Several years ago in this space, I wrote about how joy – forever present at Lake Tahoe School – manifests itself in areas not always associated with the term – such as our annual celebration of Día de los Muertos. While it may be challenging to place the word “joy” in tandem with a holiday that celebrates the dead, just the opposite is true. In fact, at Lake Tahoe School, we make it a point to teach the reasons and understanding for joy and celebration of the lives of those no longer with us. From relatives to friends and everyone in between, students are taught in their Spanish classes the practice of honoring and respecting the legacy and memory of these same people. Rather than mourn, the day is one to celebrate, and better yet, share the stories of those who meant so much to us.

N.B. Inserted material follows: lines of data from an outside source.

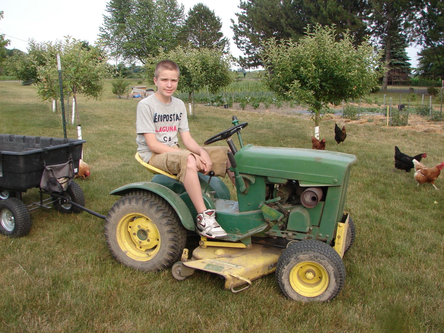 My son on his 67JD Lawn Tractor. He plans on cleaning it up & taking it to a tractor show.
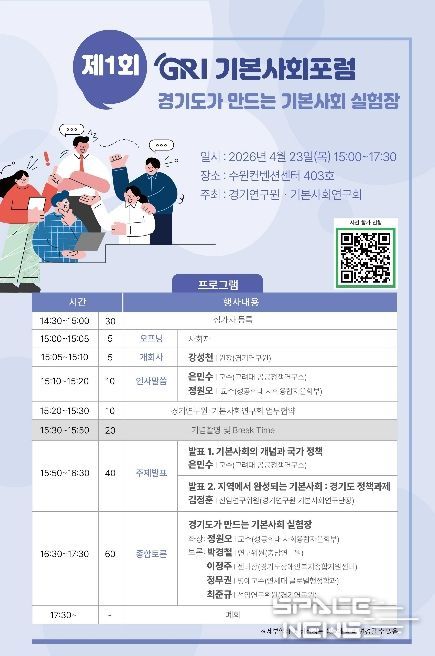 스페이스뉴스 스페이스뉴스 기자 | 경기연구원은 오는 23일 오후 3시 수원컨벤션센터 403호에서 ‘경기도가 만드는 기본사회 실험장’을 주제로 ‘제1회 GRI 기본사회포럼’을 개최한다.
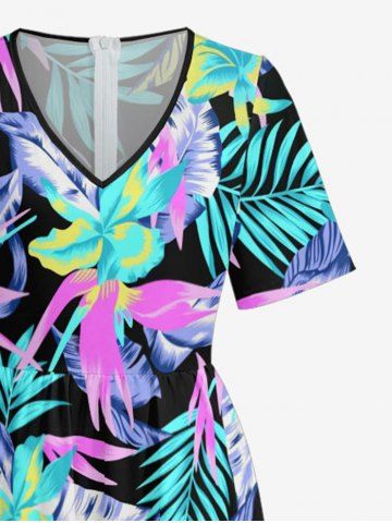 Graphic Pants > Hibiscus Flowers Tropical Leaf Print V Neck Hawaii Wide Leg Jumpsuit
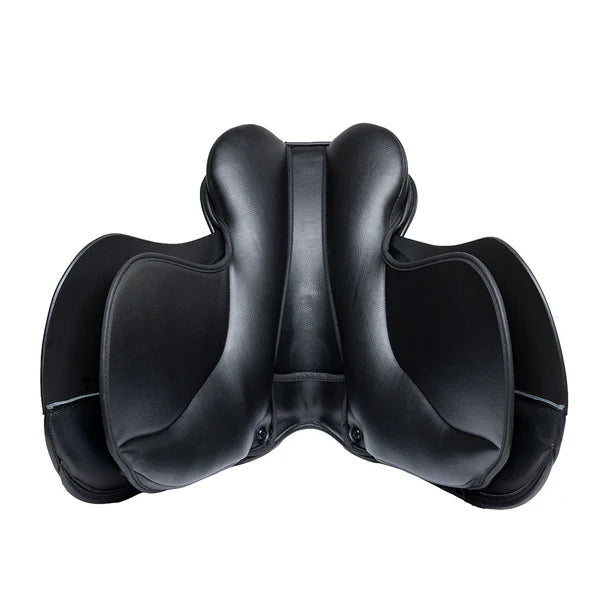 Designed specifically for leggy teenagers needing a smaller seat but a forward-cut flap to fit longer legs, the THOROWGOOD T9 Pony Long Leg also suits petite adults riding ponies or short-backed horses. Crafted with supple leather on all contact areas—seat, skirt, and knee pads—this saddle features a forward flap ideal for jumping and cross-country. It includes an adjustable Velcro knee block for tailored leg support and panels flocked with 100% British wool for optimal comfort and weight distribution. The panel shape suits short-backed ponies, and with the SimaTree S-Bar system, it can be adjusted for both low and standard wither shapes. Made in England.
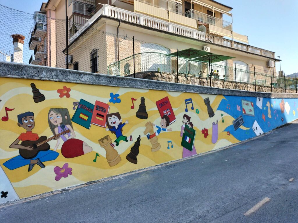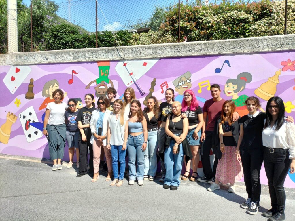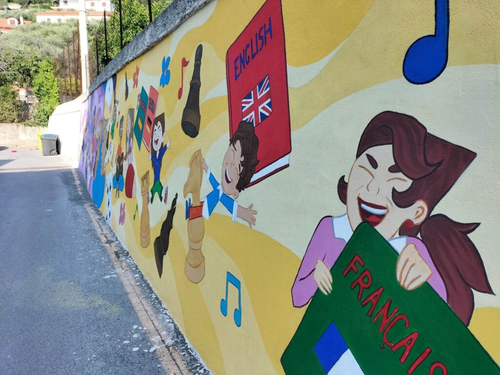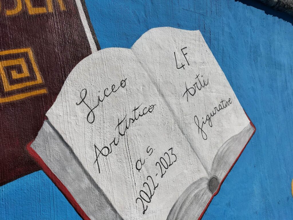 “Il murales è stato realizzato dalla classe 4^ di Arti Figurative , come progetto di alternanza scuola lavoro. Negli ultimi anni la scuola ha pensato di coinvolgere gli alunni in un unico progetto pittorico.

Nothing signifies more Lake Tahoe School’s celebration and understanding of Día De Los Muertos than the ofrenda – or altar – set up each year in our main lobby. Overflowing with photos, objects, and other memories of our school community’s loved ones, its presence perfectly illustrates our commitment to helping our students understand different cultures while linking them to their own experiences as well. Parents, visitors, students, and staff alike spend a great deal of time admiring and deciphering the various presentations and items offered. Some have even asked if we can leave it up for several more weeks – though I suspect the two skeletons borrowed from the science room and appropriately decorated for the holiday may need to return to their current home soon.

This year’s Día de los Muertos all-school assembly included a now staple element of our celebration – a student-made slide show honoring friends or relatives no longer with them. Focusing their cameras on the simple elements of their own individual ofrendas, each seventh grade student introduced and narrated their celebrant’s story. Most importantly, their stories were personal, poignant, and incredibly meaningful – both to themselves and to all of us in the audience. With stories of great grandparents who were Holocaust survivors to the tales of how their honoree impacted their lives to ofrenda items that included samples of the person’s favorite candy bar – each vignette made us feel as if we, too, knew their lost loved one.

Learning and understanding, joy, and celebration all combined this past week to educate our entire Lake Tahoe School community – including the packed audience in Duffield Hall. Whether for Día de los Muertos or other topics and holidays, the joy of learning is always present at Lake Tahoe School.